Reproduce the listing exactly. Omit pictures.

DATA EXCERPT

•••••

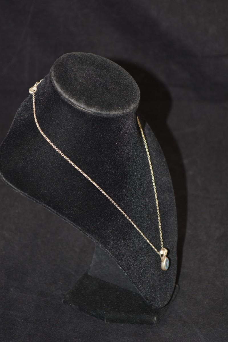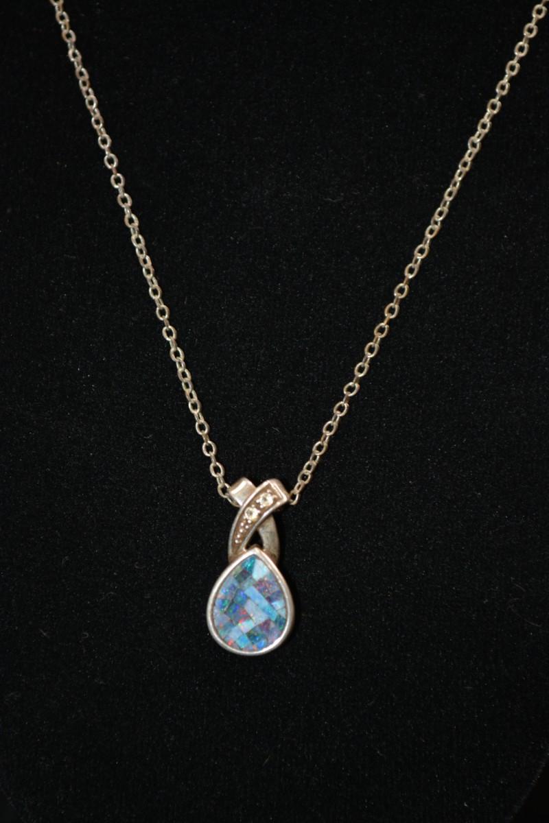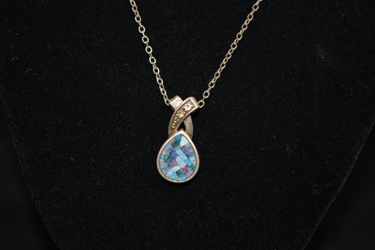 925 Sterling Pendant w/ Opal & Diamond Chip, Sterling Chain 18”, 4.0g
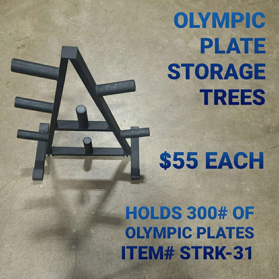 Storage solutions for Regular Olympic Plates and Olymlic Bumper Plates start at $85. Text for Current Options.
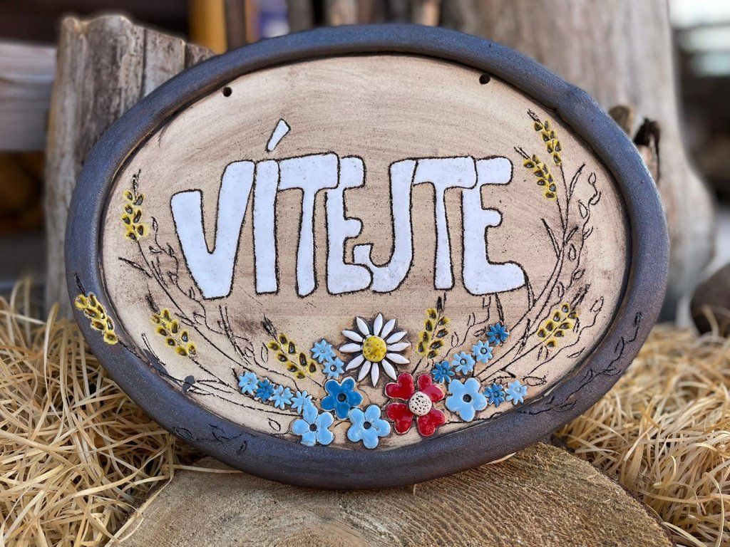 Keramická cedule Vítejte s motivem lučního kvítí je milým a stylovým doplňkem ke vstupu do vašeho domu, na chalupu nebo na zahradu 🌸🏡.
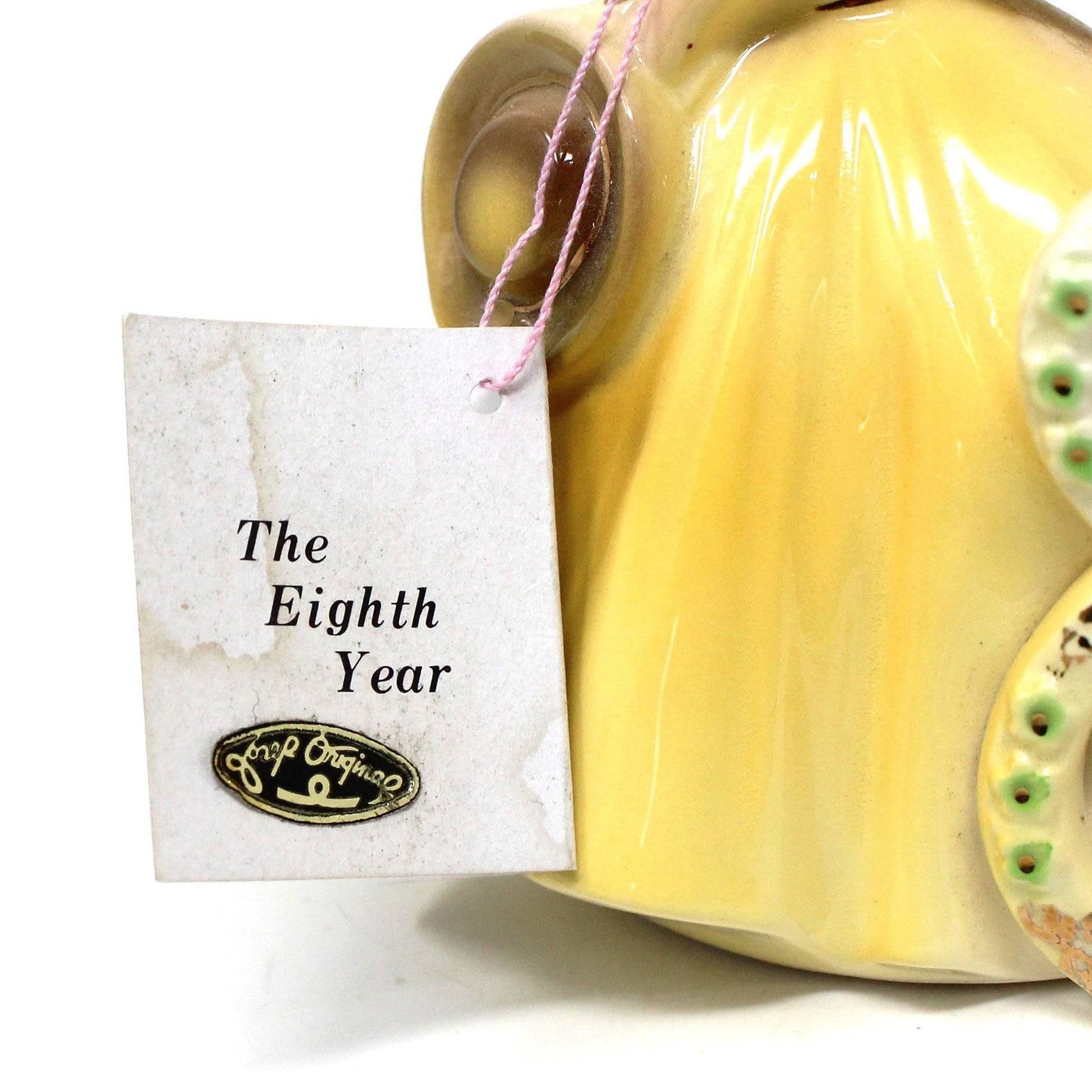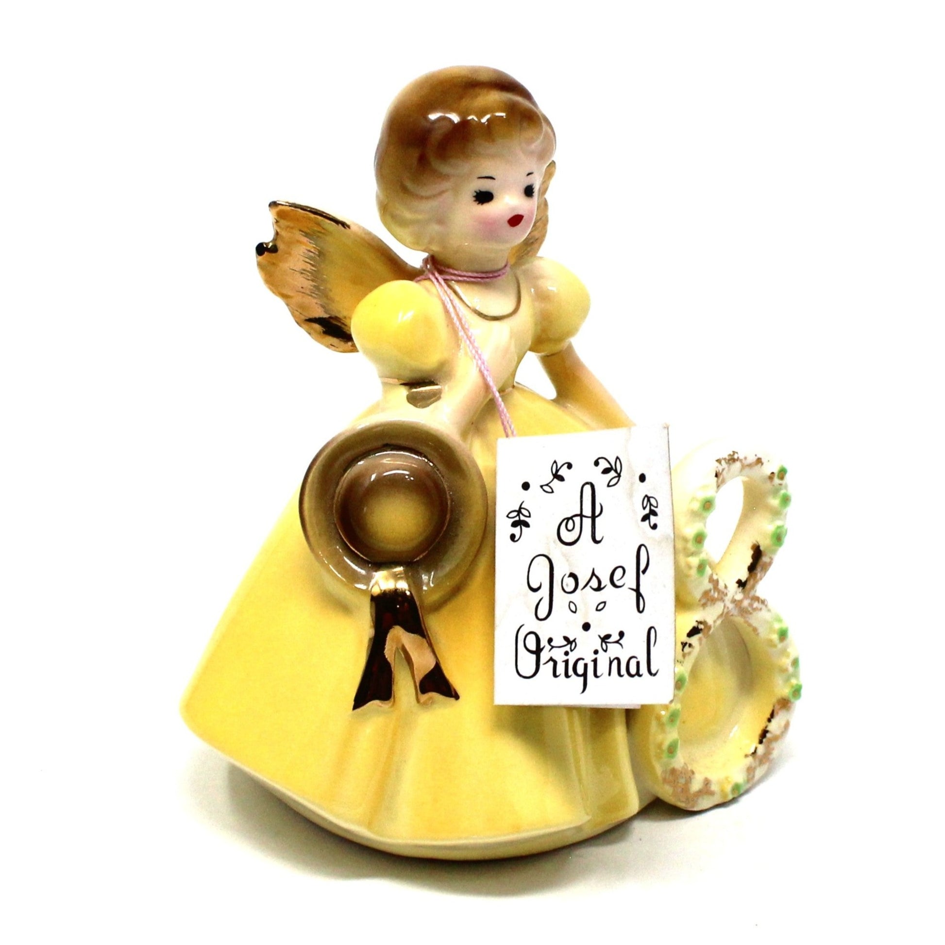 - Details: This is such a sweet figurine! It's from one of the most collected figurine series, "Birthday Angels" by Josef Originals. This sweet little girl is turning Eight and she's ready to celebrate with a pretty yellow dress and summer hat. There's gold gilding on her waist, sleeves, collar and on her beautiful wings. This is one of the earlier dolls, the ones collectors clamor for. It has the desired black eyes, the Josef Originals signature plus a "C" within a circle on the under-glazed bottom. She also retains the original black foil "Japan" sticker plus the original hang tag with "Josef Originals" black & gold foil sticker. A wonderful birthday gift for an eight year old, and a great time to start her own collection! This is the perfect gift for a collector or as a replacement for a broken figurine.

•••••

EXPECTED ANSWER
 925 Sterling Pendant w/ Opal & Diamond Chip, Sterling Chain 18”, 4.0g
 Storage solutions for Regular Olympic Plates and Olymlic Bumper Plates start at $85. Text for Current Options.
 Keramická cedule Vítejte s motivem lučního kvítí je milým a stylovým doplňkem ke vstupu do vašeho domu, na chalupu nebo na zahradu 🌸🏡.
 - Details: This is such a sweet figurine! It's from one of the most collected figurine series, "Birthday Angels" by Josef Originals. This sweet little girl is turning Eight and she's ready to celebrate with a pretty yellow dress and summer hat. There's gold gilding on her waist, sleeves, collar and on her beautiful wings. This is one of the earlier dolls, the ones collectors clamor for. It has the desired black eyes, the Josef Originals signature plus a "C" within a circle on the under-glazed bottom. She also retains the original black foil "Japan" sticker plus the original hang tag with "Josef Originals" black & gold foil sticker. A wonderful birthday gift for an eight year old, and a great time to start her own collection! This is the perfect gift for a collector or as a replacement for a broken figurine.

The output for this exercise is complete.